Records contained in a dataset
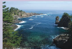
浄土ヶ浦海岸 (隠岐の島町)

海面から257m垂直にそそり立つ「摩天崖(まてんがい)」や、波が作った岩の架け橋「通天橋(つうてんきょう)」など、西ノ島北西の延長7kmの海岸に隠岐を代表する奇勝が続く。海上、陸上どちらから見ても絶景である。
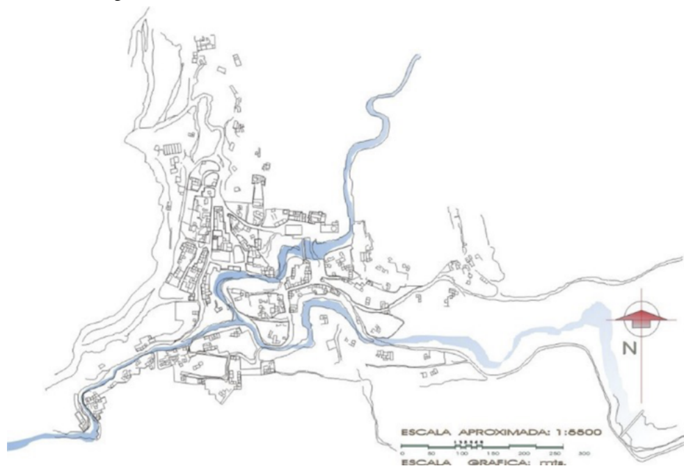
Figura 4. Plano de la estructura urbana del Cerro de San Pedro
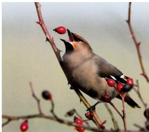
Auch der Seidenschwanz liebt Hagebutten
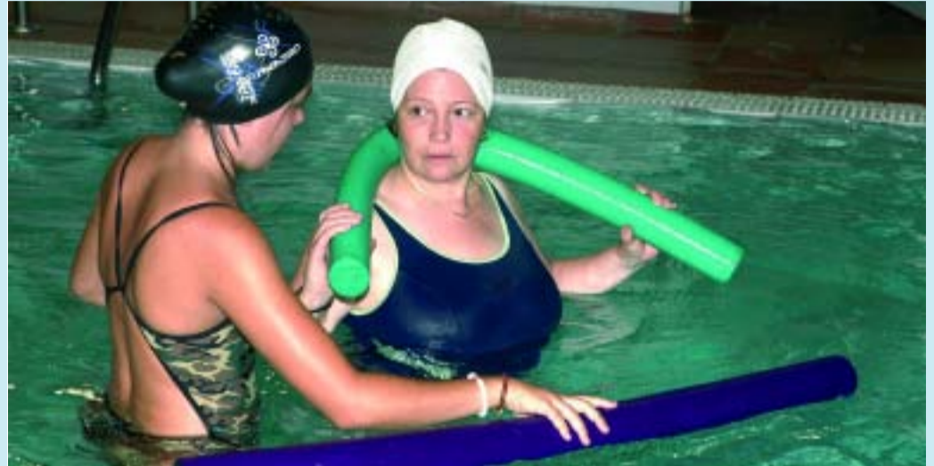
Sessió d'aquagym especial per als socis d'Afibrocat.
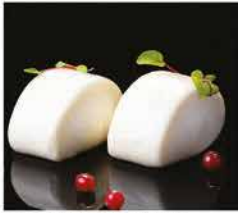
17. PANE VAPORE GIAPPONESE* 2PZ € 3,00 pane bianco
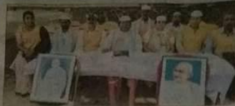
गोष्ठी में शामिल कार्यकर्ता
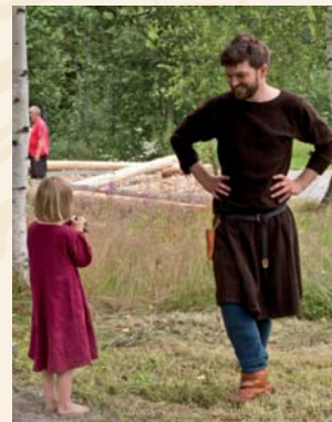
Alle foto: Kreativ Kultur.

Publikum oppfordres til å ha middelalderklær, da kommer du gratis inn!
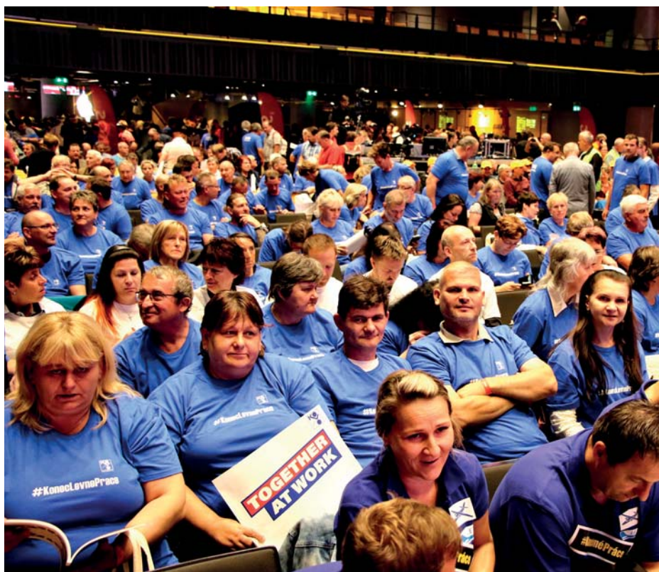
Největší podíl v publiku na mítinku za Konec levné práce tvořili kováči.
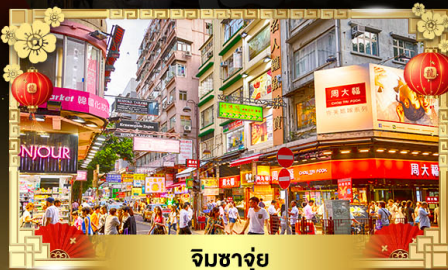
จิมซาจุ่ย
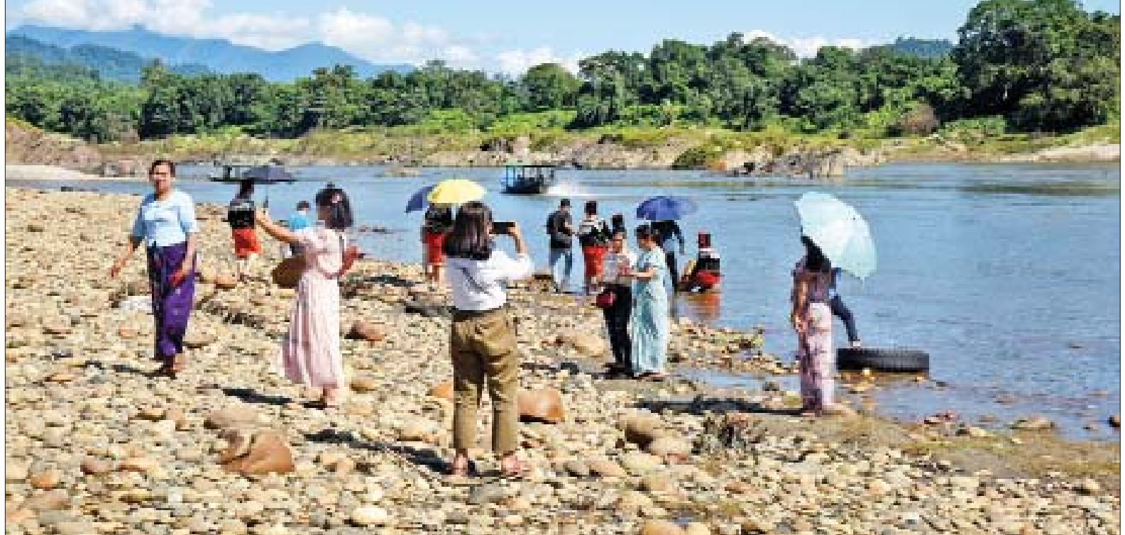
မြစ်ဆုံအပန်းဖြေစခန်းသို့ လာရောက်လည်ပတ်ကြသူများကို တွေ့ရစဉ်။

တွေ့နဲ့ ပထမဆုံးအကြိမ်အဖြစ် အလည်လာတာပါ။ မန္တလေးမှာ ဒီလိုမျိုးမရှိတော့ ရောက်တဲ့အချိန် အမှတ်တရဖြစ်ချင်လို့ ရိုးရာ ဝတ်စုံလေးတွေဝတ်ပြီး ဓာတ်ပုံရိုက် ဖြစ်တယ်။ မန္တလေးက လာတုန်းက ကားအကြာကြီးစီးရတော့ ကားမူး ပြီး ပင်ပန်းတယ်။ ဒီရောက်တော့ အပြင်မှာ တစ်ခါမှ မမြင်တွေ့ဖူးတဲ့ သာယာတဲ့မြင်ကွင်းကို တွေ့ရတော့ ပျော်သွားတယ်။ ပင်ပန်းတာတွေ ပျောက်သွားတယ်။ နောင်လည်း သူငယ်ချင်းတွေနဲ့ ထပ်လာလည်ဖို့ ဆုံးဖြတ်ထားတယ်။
==
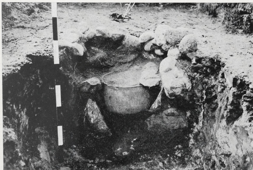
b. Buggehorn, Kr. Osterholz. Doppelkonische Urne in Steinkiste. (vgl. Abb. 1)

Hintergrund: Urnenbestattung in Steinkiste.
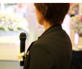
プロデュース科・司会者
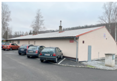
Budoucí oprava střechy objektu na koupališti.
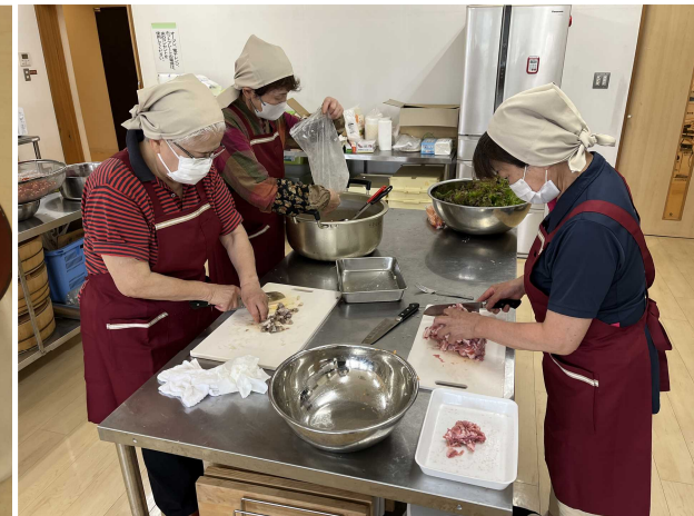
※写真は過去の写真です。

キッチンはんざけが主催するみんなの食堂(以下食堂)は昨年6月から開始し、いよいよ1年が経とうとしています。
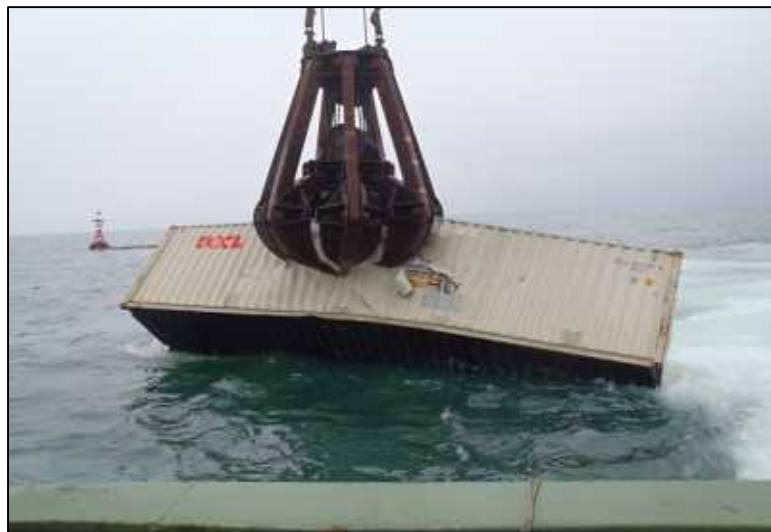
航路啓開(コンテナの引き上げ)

PROMPT —
In the data above, the stretch from the line with "浄土ヶ浦海岸 (隠岐の島町)" through the line with "တွေ့နဲ့ ပထမဆုံးအကြိမ်အဖြစ် အလည်လာတာပါ။" is to be returned exactly, minus any pictures.

SOLVED EXERCISE —
浄土ヶ浦海岸 (隠岐の島町)

海面から257m垂直にそそり立つ「摩天崖(まてんがい)」や、波が作った岩の架け橋「通天橋(つうてんきょう)」など、西ノ島北西の延長7kmの海岸に隠岐を代表する奇勝が続く。海上、陸上どちらから見ても絶景である。
Figura 4. Plano de la estructura urbana del Cerro de San Pedro
Auch der Seidenschwanz liebt Hagebutten
Sessió d'aquagym especial per als socis d'Afibrocat.
17. PANE VAPORE GIAPPONESE* 2PZ € 3,00 pane bianco
गोष्ठी में शामिल कार्यकर्ता
Alle foto: Kreativ Kultur.

Publikum oppfordres til å ha middelalderklær, da kommer du gratis inn!
Největší podíl v publiku na mítinku za Konec levné práce tvořili kováči.
จิมซาจุ่ย
မြစ်ဆုံအပန်းဖြေစခန်းသို့ လာရောက်လည်ပတ်ကြသူများကို တွေ့ရစဉ်။

တွေ့နဲ့ ပထမဆုံးအကြိမ်အဖြစ် အလည်လာတာပါ။ မန္တလေးမှာ ဒီလိုမျိုးမရှိတော့ ရောက်တဲ့အချိန် အမှတ်တရဖြစ်ချင်လို့ ရိုးရာ ဝတ်စုံလေးတွေဝတ်ပြီး ဓာတ်ပုံရိုက် ဖြစ်တယ်။ မန္တလေးက လာတုန်းက ကားအကြာကြီးစီးရတော့ ကားမူး ပြီး ပင်ပန်းတယ်။ ဒီရောက်တော့ အပြင်မှာ တစ်ခါမှ မမြင်တွေ့ဖူးတဲ့ သာယာတဲ့မြင်ကွင်းကို တွေ့ရတော့ ပျော်သွားတယ်။ ပင်ပန်းတာတွေ ပျောက်သွားတယ်။ နောင်လည်း သူငယ်ချင်းတွေနဲ့ ထပ်လာလည်ဖို့ ဆုံးဖြတ်ထားတယ်။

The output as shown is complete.